WHAT TO PRODUCE. Take the material below and output exactly the run of lines from the one containing "ProCraft PL-1400 - паяльник" down to the one containing "Vestito a costine nero DIAMOND", with both included.

GIVEN RECORDS.
════════════════

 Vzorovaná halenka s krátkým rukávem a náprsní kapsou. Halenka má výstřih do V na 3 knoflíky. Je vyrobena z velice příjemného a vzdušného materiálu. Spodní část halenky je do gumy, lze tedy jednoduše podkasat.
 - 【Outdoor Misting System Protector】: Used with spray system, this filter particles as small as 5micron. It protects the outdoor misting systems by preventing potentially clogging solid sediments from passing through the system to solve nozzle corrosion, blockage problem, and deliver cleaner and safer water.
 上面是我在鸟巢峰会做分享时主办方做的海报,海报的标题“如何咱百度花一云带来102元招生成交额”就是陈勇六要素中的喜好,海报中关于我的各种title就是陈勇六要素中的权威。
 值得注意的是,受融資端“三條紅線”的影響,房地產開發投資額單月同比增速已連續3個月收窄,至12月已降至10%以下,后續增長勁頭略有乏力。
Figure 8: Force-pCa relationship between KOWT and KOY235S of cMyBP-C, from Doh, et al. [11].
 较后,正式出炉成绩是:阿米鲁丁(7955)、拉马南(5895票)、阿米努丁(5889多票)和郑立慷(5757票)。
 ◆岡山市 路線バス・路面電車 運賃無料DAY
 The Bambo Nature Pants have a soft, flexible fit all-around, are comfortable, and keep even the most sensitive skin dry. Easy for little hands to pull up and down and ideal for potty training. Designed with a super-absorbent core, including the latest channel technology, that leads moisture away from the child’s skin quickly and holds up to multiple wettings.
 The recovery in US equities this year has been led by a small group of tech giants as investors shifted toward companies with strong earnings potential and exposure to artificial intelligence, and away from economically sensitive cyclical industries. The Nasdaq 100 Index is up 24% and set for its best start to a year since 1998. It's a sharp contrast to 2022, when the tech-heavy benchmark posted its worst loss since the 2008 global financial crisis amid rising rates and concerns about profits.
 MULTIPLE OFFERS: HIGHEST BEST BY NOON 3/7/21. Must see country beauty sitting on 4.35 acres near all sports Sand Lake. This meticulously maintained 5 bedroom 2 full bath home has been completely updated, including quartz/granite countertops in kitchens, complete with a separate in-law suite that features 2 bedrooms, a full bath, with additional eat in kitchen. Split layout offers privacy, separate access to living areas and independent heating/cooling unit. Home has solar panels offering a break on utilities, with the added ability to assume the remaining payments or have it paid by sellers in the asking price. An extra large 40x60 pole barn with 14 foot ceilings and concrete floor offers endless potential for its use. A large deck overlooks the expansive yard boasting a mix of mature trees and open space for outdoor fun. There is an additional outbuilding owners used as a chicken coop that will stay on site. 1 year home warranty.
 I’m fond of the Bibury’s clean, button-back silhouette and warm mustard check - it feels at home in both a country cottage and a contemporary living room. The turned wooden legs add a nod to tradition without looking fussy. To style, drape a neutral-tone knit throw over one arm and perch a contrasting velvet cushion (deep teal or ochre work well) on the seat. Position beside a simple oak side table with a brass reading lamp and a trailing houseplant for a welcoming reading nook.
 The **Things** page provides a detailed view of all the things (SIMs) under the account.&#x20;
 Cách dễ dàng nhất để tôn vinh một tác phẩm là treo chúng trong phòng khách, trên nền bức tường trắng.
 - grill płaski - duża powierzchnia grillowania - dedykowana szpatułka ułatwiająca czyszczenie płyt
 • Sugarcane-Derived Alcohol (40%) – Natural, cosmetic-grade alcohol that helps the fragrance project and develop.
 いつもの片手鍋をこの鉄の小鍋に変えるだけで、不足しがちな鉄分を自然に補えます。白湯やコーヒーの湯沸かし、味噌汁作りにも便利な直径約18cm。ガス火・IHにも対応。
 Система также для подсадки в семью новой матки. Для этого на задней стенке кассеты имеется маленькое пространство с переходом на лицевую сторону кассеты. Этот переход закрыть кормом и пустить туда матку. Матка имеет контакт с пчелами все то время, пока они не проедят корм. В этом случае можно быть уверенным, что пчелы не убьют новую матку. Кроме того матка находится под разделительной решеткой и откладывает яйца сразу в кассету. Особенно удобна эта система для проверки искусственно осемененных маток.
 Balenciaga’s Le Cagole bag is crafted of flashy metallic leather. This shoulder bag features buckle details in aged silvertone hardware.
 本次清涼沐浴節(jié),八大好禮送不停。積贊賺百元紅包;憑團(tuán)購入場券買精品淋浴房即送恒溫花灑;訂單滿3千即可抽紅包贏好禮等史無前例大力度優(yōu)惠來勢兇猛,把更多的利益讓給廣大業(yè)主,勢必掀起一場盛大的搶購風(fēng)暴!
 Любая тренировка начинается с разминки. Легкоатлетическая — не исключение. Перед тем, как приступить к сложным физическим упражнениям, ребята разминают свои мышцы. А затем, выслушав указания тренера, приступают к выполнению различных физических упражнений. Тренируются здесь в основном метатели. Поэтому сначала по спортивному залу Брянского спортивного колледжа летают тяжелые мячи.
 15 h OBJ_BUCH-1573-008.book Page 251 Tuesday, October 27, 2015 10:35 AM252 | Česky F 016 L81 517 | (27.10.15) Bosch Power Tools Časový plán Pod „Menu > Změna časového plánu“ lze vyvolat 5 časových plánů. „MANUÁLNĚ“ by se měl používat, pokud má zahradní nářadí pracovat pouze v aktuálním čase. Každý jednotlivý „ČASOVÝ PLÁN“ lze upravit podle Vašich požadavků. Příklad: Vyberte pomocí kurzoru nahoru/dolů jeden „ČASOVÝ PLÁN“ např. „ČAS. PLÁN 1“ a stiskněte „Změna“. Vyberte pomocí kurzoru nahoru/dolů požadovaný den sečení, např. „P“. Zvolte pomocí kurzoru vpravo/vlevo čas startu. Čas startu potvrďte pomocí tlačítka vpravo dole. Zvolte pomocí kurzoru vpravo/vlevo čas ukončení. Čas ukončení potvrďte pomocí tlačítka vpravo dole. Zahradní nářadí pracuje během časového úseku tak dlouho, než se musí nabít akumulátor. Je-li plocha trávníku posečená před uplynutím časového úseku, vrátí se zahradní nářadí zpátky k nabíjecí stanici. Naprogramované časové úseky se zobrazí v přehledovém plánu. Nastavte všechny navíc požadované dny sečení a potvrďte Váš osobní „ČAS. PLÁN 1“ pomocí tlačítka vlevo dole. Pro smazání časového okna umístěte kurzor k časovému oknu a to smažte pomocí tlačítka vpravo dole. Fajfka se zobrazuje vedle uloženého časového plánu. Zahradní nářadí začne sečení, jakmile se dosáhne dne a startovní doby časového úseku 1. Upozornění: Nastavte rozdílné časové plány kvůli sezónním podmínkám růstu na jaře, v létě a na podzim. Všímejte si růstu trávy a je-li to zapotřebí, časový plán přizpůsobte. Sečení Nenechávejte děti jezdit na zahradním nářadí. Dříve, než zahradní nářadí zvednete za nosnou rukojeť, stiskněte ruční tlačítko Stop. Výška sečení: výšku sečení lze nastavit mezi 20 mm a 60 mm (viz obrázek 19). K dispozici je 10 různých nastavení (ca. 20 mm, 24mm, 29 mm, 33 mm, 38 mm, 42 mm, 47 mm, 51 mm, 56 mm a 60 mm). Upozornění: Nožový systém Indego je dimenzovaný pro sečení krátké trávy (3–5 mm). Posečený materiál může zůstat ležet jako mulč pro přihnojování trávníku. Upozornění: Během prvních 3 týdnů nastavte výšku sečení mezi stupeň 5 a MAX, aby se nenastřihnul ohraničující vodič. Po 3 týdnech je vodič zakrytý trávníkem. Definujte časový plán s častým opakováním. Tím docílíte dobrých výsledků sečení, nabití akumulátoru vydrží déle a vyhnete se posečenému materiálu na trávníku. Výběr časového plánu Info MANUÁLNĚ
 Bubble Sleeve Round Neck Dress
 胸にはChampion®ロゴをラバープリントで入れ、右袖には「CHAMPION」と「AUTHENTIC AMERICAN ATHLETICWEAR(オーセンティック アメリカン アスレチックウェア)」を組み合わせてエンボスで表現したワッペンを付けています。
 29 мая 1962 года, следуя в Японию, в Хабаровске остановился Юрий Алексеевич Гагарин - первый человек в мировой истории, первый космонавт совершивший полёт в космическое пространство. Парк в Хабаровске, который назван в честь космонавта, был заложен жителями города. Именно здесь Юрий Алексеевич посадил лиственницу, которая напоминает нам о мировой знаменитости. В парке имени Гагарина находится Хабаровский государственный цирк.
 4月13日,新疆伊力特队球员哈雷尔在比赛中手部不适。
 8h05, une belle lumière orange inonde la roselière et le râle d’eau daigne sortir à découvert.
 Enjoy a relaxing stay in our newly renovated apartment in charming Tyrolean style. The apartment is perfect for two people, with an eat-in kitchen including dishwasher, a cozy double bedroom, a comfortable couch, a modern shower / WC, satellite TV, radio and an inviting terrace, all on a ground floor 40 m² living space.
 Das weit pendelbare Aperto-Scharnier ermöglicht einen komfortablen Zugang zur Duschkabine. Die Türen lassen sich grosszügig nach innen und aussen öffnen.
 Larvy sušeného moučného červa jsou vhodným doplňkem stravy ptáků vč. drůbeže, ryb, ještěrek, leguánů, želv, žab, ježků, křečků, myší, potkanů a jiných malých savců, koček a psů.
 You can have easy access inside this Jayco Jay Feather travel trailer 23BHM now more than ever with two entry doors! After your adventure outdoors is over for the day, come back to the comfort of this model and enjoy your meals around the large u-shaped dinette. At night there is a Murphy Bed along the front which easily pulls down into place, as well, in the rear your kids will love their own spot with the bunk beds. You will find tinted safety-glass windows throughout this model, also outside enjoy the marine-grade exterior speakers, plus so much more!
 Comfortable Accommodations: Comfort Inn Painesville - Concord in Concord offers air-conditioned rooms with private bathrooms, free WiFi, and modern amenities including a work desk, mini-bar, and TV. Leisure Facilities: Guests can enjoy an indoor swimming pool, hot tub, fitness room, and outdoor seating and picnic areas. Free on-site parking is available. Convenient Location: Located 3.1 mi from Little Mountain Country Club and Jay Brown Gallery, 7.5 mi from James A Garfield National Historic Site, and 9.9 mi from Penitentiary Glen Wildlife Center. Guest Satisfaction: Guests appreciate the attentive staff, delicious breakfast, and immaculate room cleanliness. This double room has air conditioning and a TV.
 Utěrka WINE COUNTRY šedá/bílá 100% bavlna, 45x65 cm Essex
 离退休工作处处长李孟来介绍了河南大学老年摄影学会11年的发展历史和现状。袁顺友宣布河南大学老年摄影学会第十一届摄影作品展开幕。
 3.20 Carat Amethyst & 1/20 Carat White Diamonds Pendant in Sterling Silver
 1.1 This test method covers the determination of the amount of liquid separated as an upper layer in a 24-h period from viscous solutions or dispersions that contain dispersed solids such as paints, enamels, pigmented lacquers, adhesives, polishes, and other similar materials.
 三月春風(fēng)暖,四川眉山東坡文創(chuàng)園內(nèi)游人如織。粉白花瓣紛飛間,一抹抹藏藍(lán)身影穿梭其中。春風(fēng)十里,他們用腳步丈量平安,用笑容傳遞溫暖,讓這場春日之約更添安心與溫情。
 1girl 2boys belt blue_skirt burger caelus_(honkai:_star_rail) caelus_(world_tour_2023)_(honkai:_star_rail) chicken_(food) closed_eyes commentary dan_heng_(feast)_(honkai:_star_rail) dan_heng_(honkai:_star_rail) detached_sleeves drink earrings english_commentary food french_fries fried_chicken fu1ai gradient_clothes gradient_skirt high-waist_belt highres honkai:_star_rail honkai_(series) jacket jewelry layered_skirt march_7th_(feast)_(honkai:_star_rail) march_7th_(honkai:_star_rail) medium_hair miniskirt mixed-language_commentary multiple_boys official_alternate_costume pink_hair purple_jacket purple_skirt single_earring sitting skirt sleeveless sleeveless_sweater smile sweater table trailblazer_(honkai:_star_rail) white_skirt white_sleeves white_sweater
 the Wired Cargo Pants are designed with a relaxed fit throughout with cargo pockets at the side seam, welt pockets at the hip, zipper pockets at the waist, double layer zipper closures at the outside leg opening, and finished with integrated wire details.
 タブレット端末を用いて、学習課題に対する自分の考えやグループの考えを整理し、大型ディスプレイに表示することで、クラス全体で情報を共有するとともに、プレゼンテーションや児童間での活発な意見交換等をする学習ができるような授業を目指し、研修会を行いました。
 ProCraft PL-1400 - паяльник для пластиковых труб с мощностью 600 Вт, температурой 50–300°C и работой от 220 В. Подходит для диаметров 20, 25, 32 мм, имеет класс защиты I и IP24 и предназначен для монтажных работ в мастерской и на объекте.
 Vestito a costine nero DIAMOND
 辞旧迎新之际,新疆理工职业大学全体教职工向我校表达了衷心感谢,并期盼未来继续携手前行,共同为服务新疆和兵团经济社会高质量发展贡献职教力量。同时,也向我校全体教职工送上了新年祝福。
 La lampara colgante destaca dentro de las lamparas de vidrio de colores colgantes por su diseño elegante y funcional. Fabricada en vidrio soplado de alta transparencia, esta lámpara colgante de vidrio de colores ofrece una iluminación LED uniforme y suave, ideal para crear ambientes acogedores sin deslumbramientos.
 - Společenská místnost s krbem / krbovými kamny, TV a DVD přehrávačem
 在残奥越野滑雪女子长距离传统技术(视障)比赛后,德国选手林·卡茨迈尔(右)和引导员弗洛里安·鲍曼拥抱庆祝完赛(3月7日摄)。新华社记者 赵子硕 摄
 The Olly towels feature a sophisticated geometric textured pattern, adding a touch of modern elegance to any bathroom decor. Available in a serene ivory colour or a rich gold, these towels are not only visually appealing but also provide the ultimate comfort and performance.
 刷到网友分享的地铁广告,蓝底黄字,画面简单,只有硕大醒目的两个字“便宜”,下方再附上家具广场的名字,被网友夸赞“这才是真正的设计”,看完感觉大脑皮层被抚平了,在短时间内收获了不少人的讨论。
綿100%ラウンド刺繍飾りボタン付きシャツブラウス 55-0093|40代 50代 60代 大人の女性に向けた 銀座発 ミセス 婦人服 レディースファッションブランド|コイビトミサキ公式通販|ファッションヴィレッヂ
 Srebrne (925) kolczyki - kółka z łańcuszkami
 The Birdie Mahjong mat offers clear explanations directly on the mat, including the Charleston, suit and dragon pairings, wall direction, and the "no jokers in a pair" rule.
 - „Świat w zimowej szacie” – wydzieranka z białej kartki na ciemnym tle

════════════════

RESPONSE AREA.
 ProCraft PL-1400 - паяльник для пластиковых труб с мощностью 600 Вт, температурой 50–300°C и работой от 220 В. Подходит для диаметров 20, 25, 32 мм, имеет класс защиты I и IP24 и предназначен для монтажных работ в мастерской и на объекте.
 Vestito a costine nero DIAMOND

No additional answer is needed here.